The first thing about the fall of Gladys Berejiklian is that there is no joy in it.
From Labor, no triumphalism.
“Thanks @GladysB for your hard work managing Covid,” tweeted Tanya Plibersek.
“And thank you for your service.”
Berejiklian was “one of the better premiers New South Wales has ever had”, a long-standing Labor operator told the Guardian.
Had an election been held a week ago, she would have romped it in.
Doesn’t matter. She’s gone.
The New South Wales Independent Commission Against Corruption confirmed on Friday it is investigating whether Berejiklian engaged in improper conduct in grants awarded to the Australian Clay Target Association and the Riverina Conservatorium of Music.
Both are in the electorate of Wagga Wagga, held at the time by Berejiklian’s secret lover, Daryl Maguire.
The Icac investigation will also look at whether her conduct “allowed or encouraged” corrupt conduct by Maguire.
Perhaps the most difficult question for the now-former premier lies in the detail of paragraph 3 of Icac’s statement. It relates to the extraordinary catch-all provisions of Section 11 of the Icac Act.
It requires a minister to report to the commission “any matter that the person suspects on reasonable grounds concerns or may concern corrupt conduct”.
Put simply, failure to report a reasonable suspicion is itself a crime.
Berejiklian was in trouble from the moment secret phone taps emerged last year of her conversations with Maguire, who was struggling with personal debts.
“The good news is William tells me we’ve done our deal so hopefully that’s about half of all that gone now,” the tapes record Maguire as saying.
“That’s good; I don’t need to know about that bit,” said Berejiklian.
“No, you don’t. You do not,” said Maguire.
Berejiklian later called the revelation of the tapes “one of the most difficult days in my life”.
But, she insists, none of it amounts to doing the wrong thing. “I state categorically I have always acted with the highest levels of integrity,” she said in her resignation statement.
Several things follow.
Berejiklian has chosen to go not because of proven wrongdoing but simply because she faces investigation. The presumption of innocence is no shield.
She could have gone to the backbench, as she has required others to do. But left out of cabinet, and with a stand-in premier having many months to relish the exercise of executive power, her chances of returning to the top job were slight. She knew that. Hence her decision to quit politics entirely.
She is the third NSW Liberal premier forced from office by Icac in the past 30 years. But Labor denies that her departure suggests a flaw in the system.
“She was not required to resign; she decided to resign,” says the shadow attorney general Mark Dreyfus. “She could have decided not to do anything and toughed it out. Nothing in the legislation required her resignation.”
Nevertheless, Berejiklian’s fate will harden internal Morrison government hostility towards a proper commonwealth integrity commission.
Seven retired senior judges denounced the government’s draft plans for such a commission as a “sham [that] falls disastrously short”.
Labor says the Scott Morrison model intends to give the government of the day sole power to decide which parliamentarians or their staff would face referral to the commission, leaving it open to becoming a purely political weapon.
“That is an extraordinarily misconceived feature of the Morrison model,” Dreyfus says.

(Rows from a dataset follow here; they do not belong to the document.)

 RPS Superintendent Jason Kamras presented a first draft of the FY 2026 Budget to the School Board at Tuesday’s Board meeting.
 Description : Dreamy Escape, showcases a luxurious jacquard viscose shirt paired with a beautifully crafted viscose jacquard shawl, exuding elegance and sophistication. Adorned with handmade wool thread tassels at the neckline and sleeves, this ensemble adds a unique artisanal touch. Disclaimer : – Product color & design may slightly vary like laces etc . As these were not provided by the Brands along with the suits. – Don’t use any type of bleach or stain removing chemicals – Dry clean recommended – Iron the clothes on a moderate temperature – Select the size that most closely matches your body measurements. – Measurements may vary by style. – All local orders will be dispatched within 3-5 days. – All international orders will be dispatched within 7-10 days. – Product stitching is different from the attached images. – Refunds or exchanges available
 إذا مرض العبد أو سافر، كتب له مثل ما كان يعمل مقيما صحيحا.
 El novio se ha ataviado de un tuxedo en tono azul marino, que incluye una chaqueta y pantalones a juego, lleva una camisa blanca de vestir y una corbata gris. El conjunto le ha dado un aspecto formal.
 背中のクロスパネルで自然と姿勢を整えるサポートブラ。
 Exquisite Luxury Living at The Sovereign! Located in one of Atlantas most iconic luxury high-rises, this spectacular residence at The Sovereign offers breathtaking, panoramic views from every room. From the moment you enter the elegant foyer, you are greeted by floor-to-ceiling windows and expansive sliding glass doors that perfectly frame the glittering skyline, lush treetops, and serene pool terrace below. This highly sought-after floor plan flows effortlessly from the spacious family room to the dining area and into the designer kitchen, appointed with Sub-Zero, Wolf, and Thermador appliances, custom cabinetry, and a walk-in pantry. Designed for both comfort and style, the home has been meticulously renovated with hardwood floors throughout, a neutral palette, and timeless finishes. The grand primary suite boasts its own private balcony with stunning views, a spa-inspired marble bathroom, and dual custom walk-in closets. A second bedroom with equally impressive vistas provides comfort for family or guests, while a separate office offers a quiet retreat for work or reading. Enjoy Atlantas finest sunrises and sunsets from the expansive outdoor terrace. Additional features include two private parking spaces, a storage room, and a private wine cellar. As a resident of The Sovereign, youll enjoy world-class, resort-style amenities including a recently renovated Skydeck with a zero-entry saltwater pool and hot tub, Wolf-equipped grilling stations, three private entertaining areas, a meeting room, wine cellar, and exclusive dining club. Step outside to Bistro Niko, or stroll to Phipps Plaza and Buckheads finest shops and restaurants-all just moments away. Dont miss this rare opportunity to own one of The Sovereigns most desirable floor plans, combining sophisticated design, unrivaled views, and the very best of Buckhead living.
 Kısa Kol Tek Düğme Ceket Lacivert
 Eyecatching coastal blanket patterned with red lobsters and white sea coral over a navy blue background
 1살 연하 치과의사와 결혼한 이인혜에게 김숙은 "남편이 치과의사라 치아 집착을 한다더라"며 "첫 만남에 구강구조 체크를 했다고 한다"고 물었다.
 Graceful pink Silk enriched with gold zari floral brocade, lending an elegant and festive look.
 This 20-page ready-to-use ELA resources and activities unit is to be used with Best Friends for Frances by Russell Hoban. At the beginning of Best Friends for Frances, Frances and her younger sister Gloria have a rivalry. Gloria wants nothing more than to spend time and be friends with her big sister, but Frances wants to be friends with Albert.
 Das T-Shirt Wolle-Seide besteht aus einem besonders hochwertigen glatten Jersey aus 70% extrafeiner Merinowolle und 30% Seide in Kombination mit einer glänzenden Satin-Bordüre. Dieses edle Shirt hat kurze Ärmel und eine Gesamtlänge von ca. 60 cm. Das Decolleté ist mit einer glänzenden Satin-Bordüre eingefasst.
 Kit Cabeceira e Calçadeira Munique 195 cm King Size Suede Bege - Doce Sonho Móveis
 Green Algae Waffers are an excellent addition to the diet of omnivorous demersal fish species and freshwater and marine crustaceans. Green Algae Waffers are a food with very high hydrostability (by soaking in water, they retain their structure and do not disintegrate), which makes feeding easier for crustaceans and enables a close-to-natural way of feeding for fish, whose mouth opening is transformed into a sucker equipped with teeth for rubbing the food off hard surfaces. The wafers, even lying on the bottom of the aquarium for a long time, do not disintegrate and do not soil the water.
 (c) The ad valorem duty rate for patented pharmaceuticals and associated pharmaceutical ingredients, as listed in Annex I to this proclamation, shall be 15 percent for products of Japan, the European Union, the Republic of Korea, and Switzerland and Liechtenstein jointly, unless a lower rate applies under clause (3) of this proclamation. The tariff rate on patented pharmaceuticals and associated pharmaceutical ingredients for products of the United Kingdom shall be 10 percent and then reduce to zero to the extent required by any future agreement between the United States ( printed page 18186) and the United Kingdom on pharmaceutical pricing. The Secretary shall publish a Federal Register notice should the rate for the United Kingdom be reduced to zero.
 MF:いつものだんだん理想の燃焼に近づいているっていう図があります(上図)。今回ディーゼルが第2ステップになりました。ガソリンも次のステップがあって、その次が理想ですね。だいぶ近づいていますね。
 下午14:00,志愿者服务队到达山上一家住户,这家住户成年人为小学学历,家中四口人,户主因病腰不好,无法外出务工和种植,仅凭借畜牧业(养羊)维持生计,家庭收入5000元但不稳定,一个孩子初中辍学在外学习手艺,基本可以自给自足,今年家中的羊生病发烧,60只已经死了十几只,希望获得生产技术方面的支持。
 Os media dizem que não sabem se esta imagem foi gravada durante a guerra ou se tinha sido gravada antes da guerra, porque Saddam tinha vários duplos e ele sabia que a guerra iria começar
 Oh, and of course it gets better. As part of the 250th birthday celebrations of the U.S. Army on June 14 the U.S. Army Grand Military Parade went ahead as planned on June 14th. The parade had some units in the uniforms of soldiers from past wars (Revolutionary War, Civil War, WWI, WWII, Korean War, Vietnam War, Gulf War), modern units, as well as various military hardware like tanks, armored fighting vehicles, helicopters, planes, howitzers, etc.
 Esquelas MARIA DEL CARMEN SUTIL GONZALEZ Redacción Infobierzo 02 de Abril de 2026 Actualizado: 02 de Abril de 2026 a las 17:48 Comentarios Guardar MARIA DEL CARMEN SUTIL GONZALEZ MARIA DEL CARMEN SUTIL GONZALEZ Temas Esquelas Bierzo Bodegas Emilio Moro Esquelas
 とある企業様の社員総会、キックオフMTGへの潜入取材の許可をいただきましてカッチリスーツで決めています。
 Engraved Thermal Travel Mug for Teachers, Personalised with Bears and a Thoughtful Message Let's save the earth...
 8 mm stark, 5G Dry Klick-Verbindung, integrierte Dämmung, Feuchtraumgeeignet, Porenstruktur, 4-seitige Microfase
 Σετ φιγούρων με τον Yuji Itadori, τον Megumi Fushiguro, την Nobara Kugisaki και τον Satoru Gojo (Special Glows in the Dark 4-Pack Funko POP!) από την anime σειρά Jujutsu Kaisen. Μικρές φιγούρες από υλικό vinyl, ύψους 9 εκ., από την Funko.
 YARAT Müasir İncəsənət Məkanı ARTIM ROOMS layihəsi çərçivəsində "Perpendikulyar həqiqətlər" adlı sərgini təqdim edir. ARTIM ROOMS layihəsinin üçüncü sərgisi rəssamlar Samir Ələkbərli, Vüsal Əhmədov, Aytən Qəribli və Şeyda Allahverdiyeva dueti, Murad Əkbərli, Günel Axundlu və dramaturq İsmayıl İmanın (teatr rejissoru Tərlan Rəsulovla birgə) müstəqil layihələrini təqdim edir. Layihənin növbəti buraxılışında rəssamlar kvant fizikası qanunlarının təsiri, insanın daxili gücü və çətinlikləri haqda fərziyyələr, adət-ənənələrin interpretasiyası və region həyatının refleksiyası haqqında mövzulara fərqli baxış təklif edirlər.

The legislation now sits with the attorney general, Michaelia Cash. Her office did not respond to a request for comment before our deadline. But even before Berejiklian’s demise, it was plain urgency was lacking. As the Australia Institute noted, its funding disappeared in the May budget.
Dreyfus says despite the shockwaves of Berejiklian’s resignation, a Labor government will establish a real anti-corruption watchdog in its first year.
“We remain firmly committed,” he says. Unlike the Morrison government model drafted by Christian Porter, it will come with retroactive powers.
“It will look into the past,” promises Dreyfus.
In the coming weeks, NSW children will be returning to classrooms. Sydney’s airport will start filling up again with domestic and international travellers. Covid case numbers will surely rise. The stresses on the health system will remain acute. Everything will ride on whether vaccination numbers are strong enough to allow the long-planned re-opening of the economy.
“Resigning at this time goes against every instinct in my being and it is something I do not want to do,” says Berejiklian.
Who doubts it?
During the bushfire summer, the non-hose-holding prime minister preferred Hawaii. The NSW minister for emergency services, David Elliott, nicked off to Europe on holiday.
Gladys stayed at her post.
As she has done during her stewardship of the Covid response.
Still, when she appears by videolink before the corruption commission on 18 October, it will be as a private citizen. Her job is gone. All she will be fighting for is her place in history. And her name.